(Stored data entries)
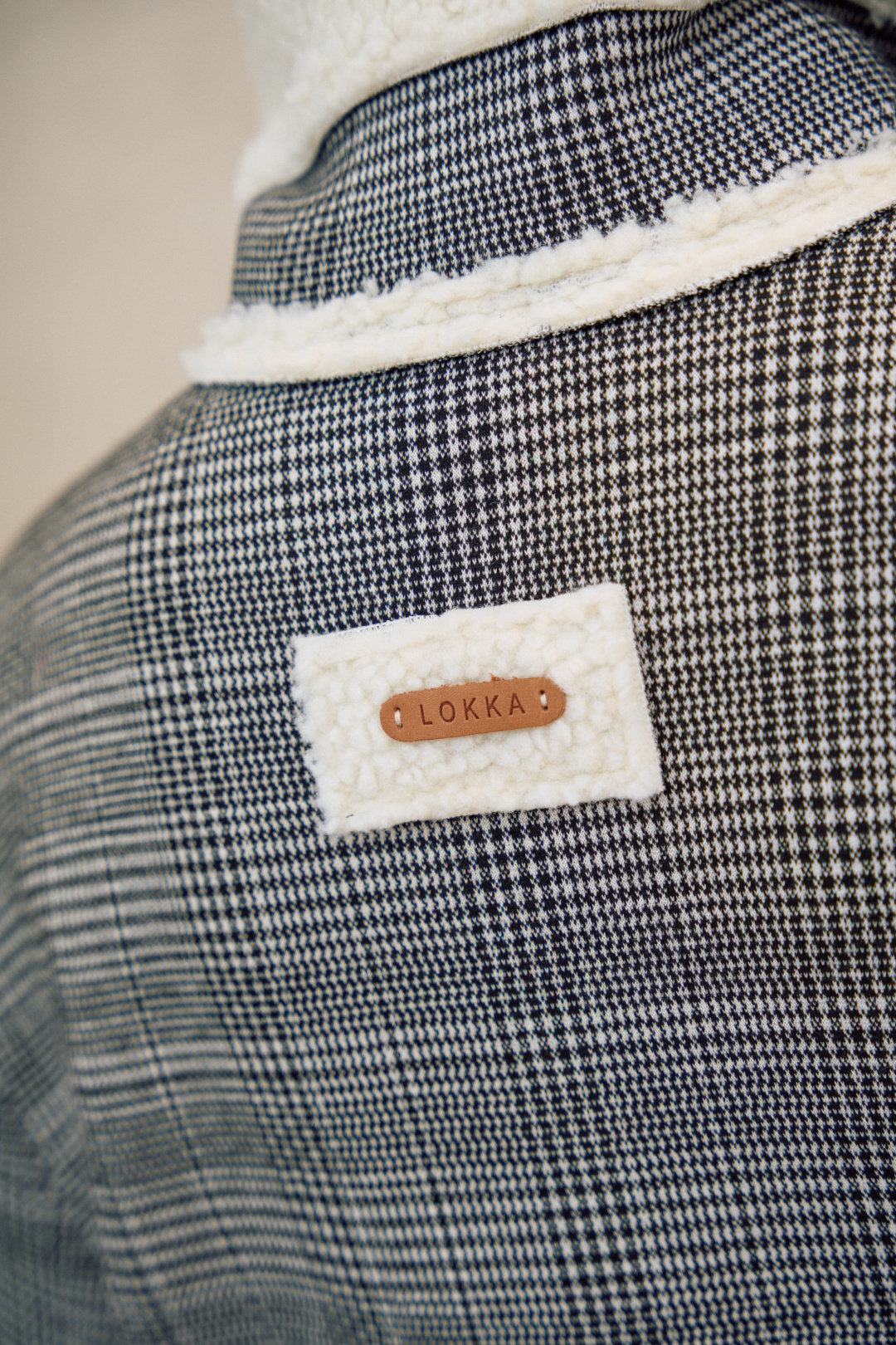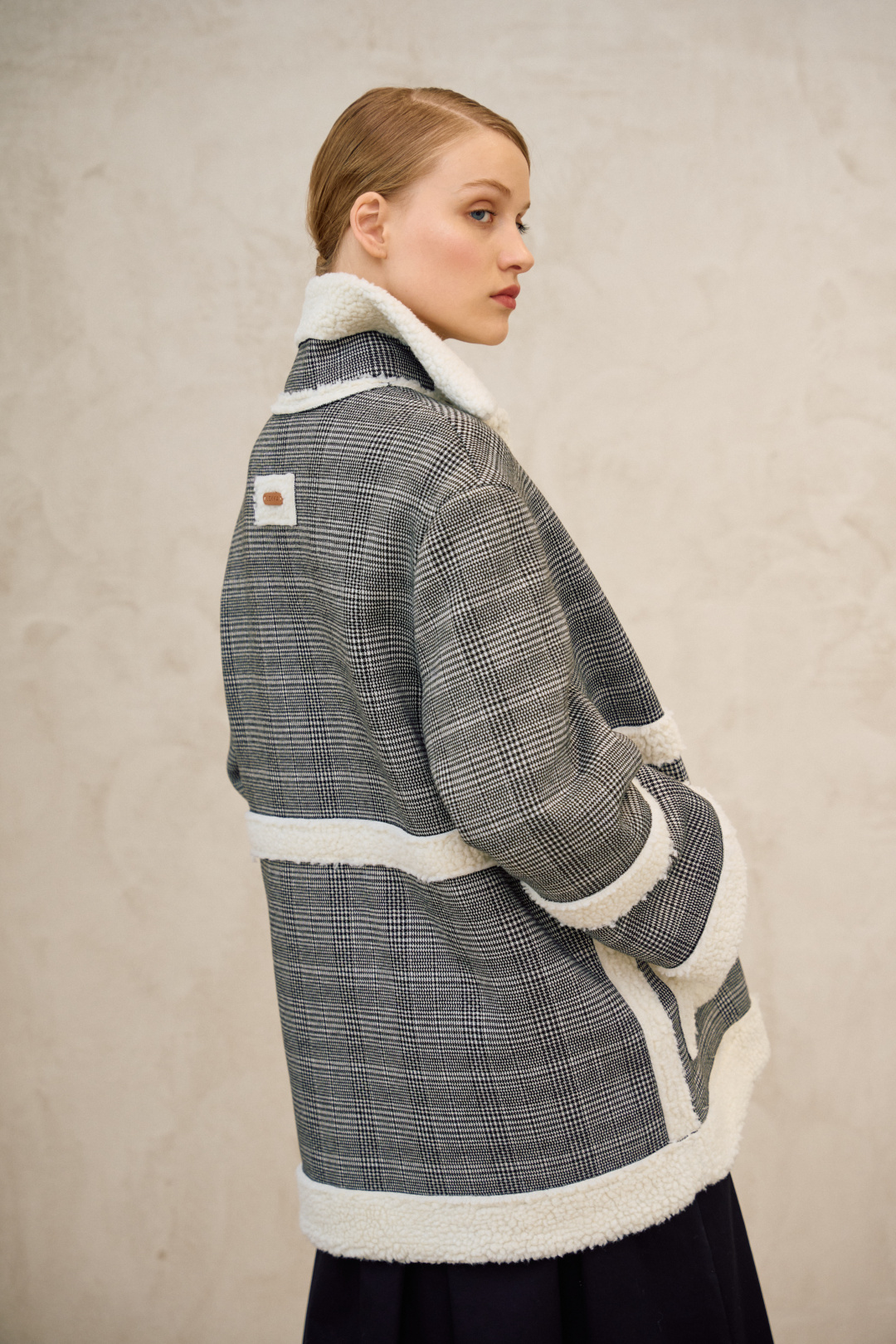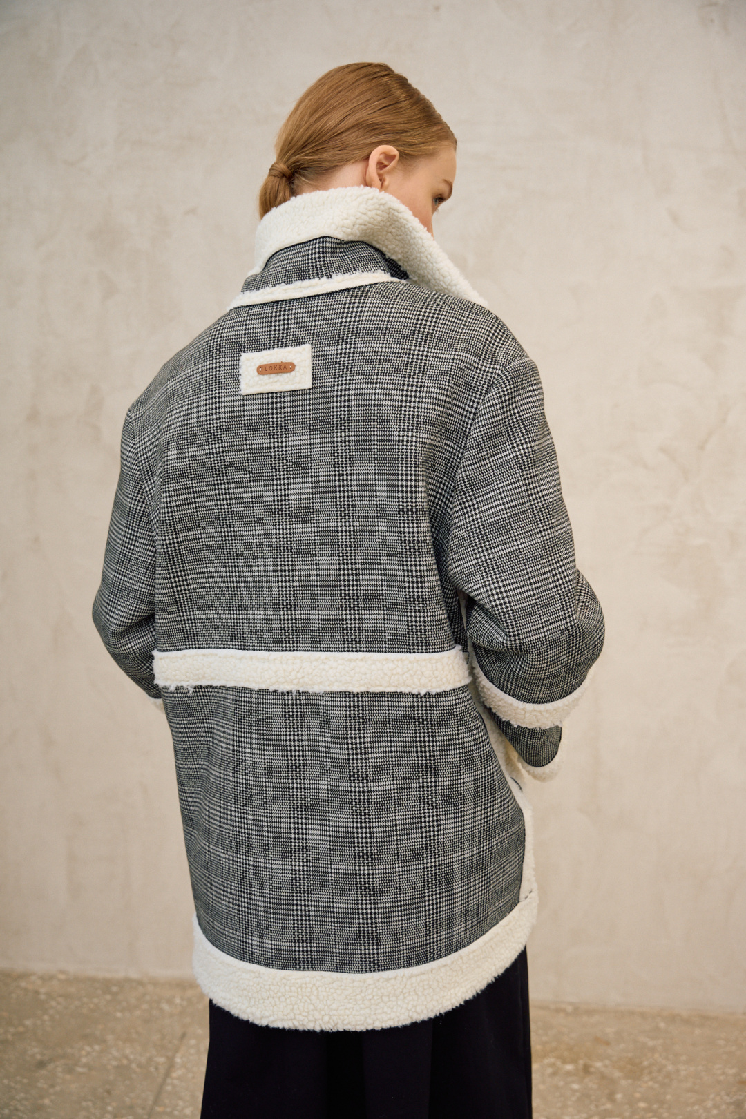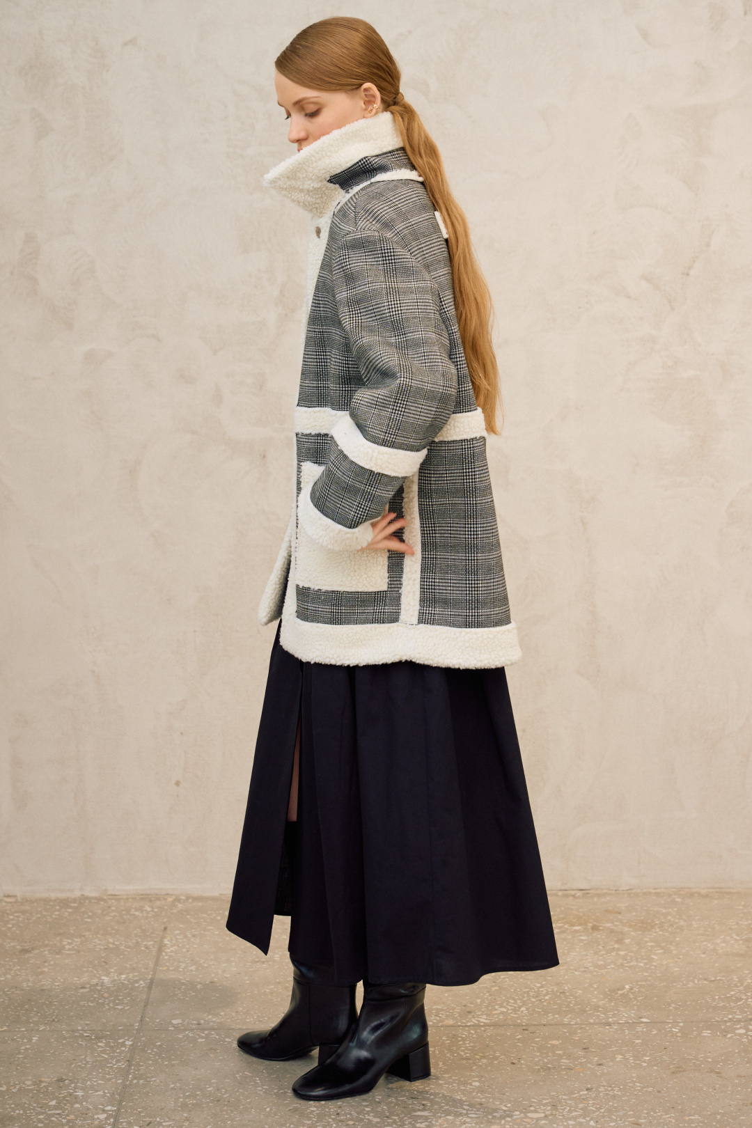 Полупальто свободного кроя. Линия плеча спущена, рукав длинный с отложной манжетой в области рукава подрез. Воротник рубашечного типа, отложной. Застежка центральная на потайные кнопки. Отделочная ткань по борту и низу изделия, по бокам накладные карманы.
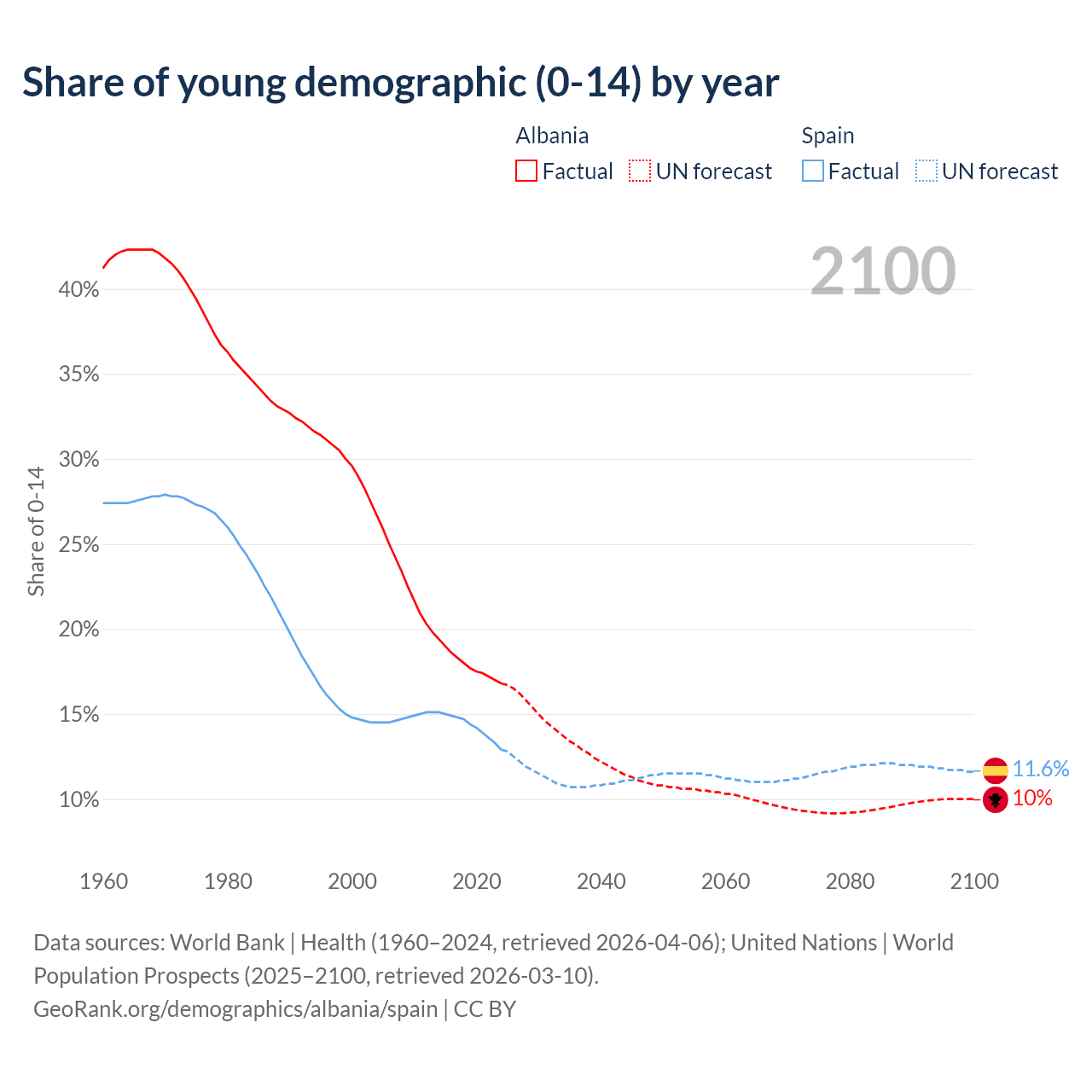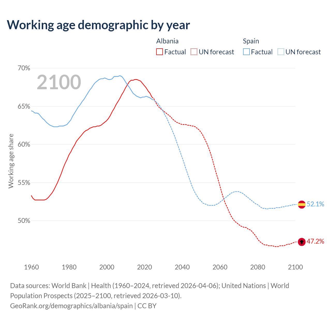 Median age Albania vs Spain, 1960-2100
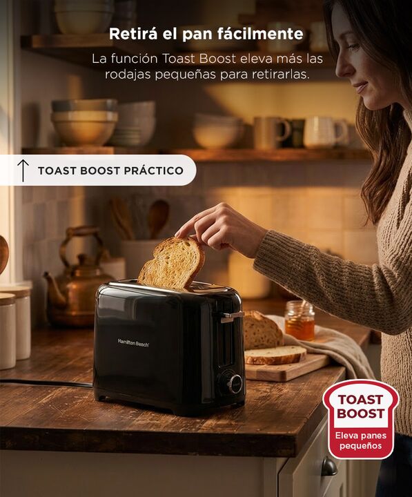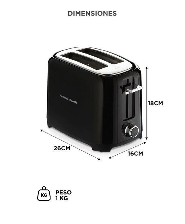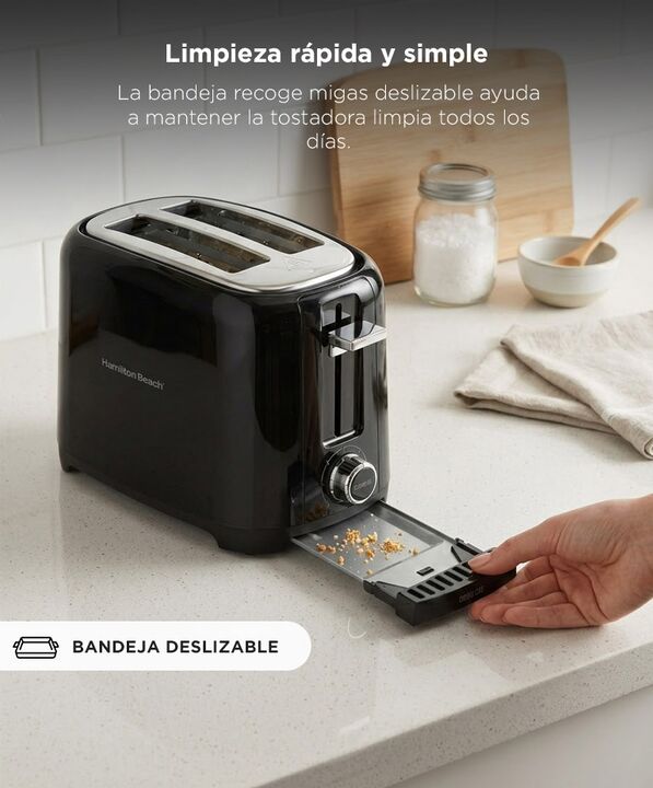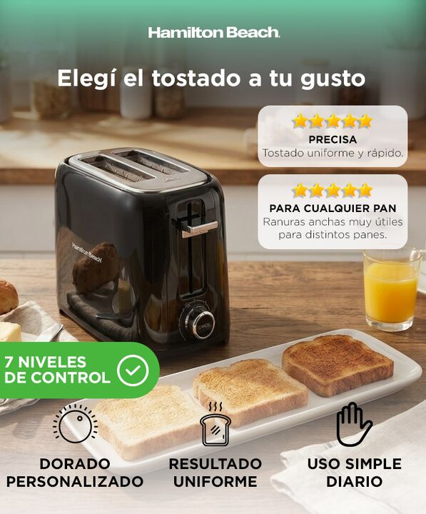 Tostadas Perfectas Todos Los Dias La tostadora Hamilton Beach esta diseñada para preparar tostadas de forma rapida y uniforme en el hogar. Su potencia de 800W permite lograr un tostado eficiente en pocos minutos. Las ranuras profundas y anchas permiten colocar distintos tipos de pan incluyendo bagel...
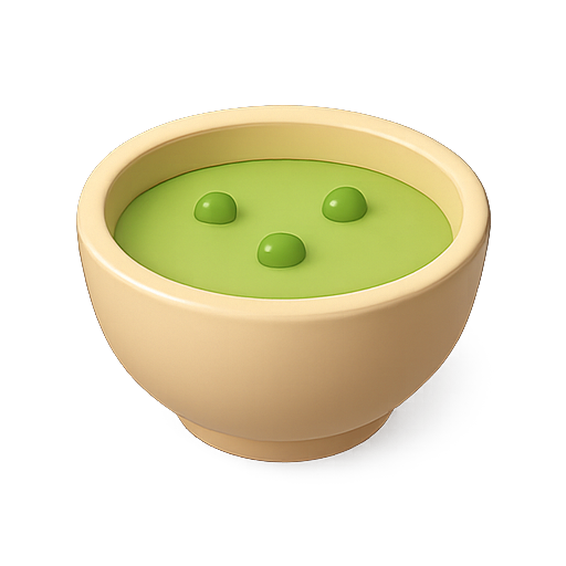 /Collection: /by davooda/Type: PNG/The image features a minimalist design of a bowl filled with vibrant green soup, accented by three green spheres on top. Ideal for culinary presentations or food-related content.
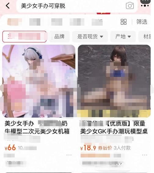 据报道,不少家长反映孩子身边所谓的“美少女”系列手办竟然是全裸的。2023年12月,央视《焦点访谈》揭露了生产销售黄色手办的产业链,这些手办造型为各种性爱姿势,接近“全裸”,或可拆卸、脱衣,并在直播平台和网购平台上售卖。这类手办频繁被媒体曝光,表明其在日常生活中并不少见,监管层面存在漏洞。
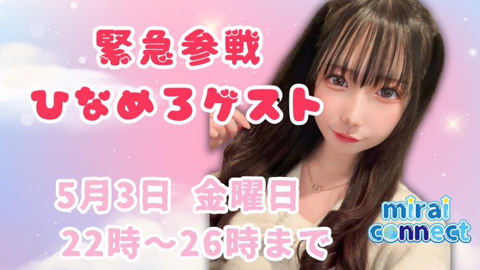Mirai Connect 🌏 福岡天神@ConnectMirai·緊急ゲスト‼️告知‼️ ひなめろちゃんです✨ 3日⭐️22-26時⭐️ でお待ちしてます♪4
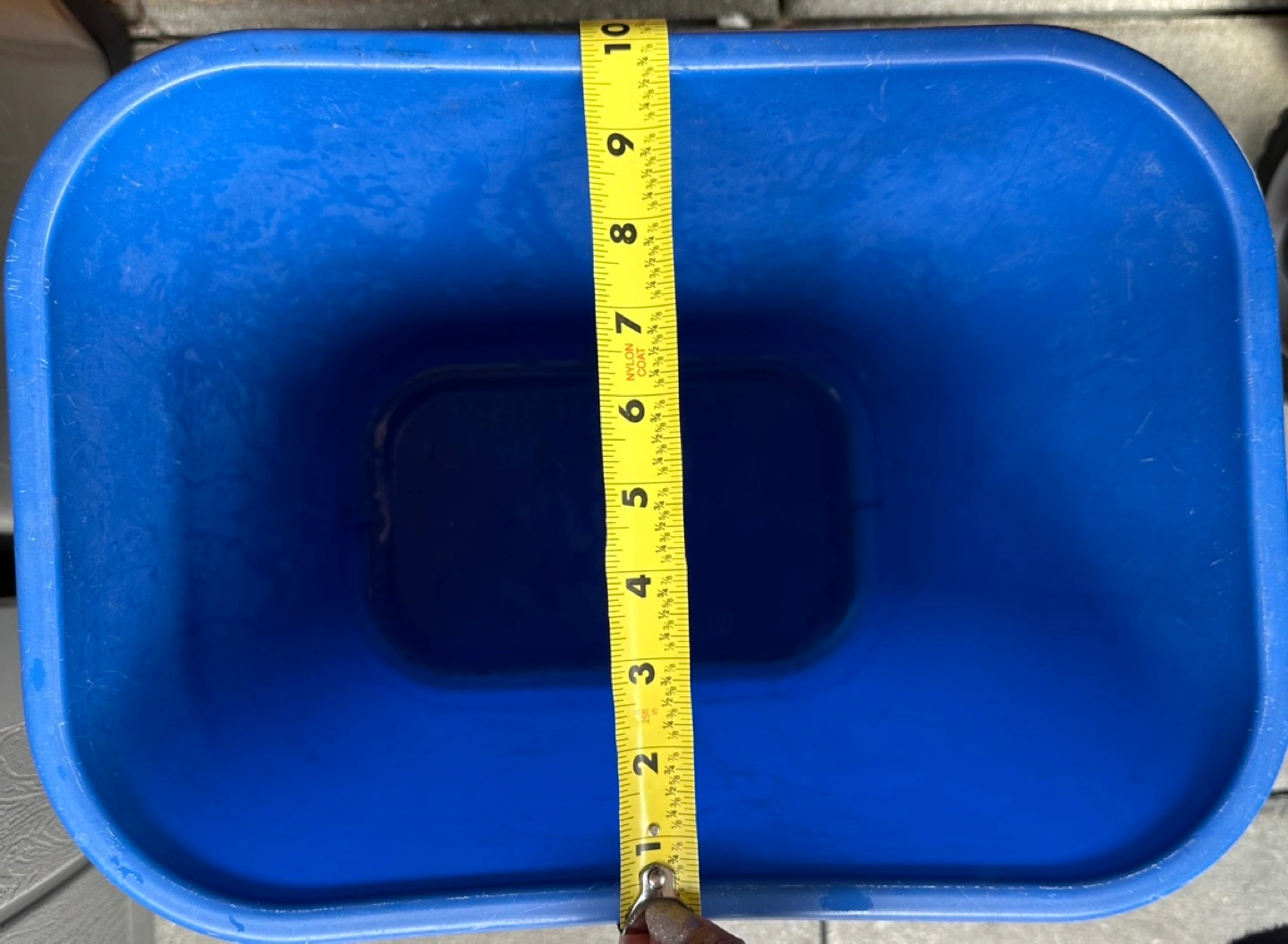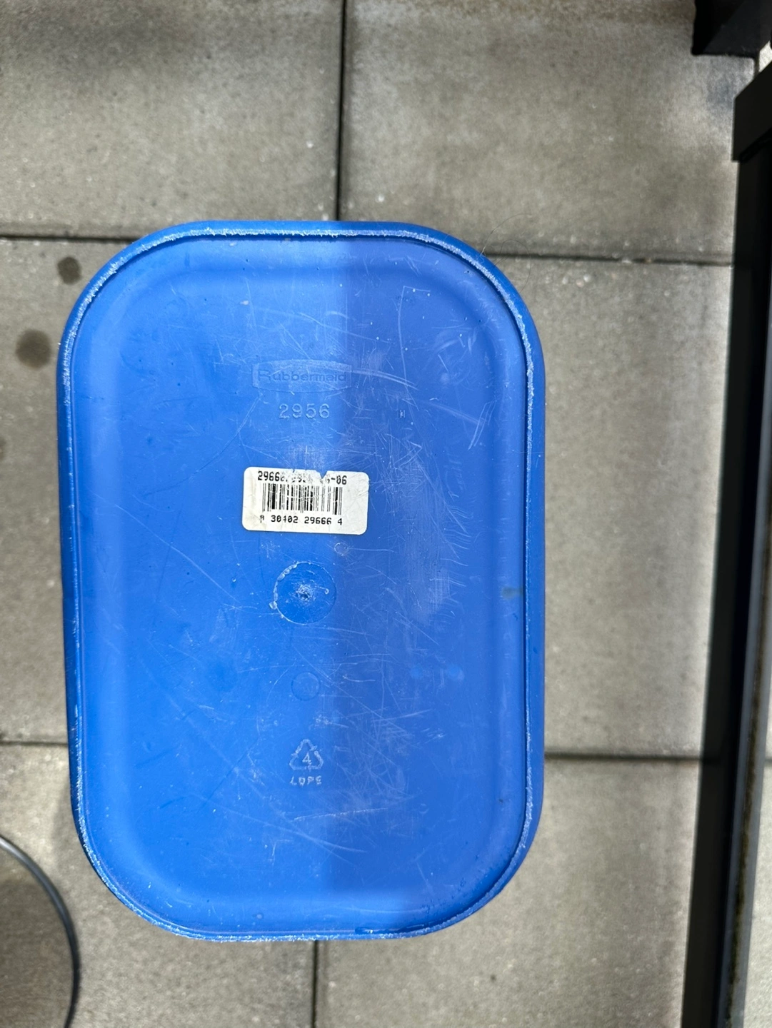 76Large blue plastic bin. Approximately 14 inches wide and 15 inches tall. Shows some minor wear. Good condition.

▶ **Task brief**
Would you copy every entry exactly as it stands, leaving out the pictures?

▶ **Solution**
 Полупальто свободного кроя. Линия плеча спущена, рукав длинный с отложной манжетой в области рукава подрез. Воротник рубашечного типа, отложной. Застежка центральная на потайные кнопки. Отделочная ткань по борту и низу изделия, по бокам накладные карманы.
 Median age Albania vs Spain, 1960-2100
 Tostadas Perfectas Todos Los Dias La tostadora Hamilton Beach esta diseñada para preparar tostadas de forma rapida y uniforme en el hogar. Su potencia de 800W permite lograr un tostado eficiente en pocos minutos. Las ranuras profundas y anchas permiten colocar distintos tipos de pan incluyendo bagel...
 /Collection: /by davooda/Type: PNG/The image features a minimalist design of a bowl filled with vibrant green soup, accented by three green spheres on top. Ideal for culinary presentations or food-related content.
 据报道,不少家长反映孩子身边所谓的“美少女”系列手办竟然是全裸的。2023年12月,央视《焦点访谈》揭露了生产销售黄色手办的产业链,这些手办造型为各种性爱姿势,接近“全裸”,或可拆卸、脱衣,并在直播平台和网购平台上售卖。这类手办频繁被媒体曝光,表明其在日常生活中并不少见,监管层面存在漏洞。
Mirai Connect 🌏 福岡天神@ConnectMirai·緊急ゲスト‼️告知‼️ ひなめろちゃんです✨ 3日⭐️22-26時⭐️ でお待ちしてます♪4
 76Large blue plastic bin. Approximately 14 inches wide and 15 inches tall. Shows some minor wear. Good condition.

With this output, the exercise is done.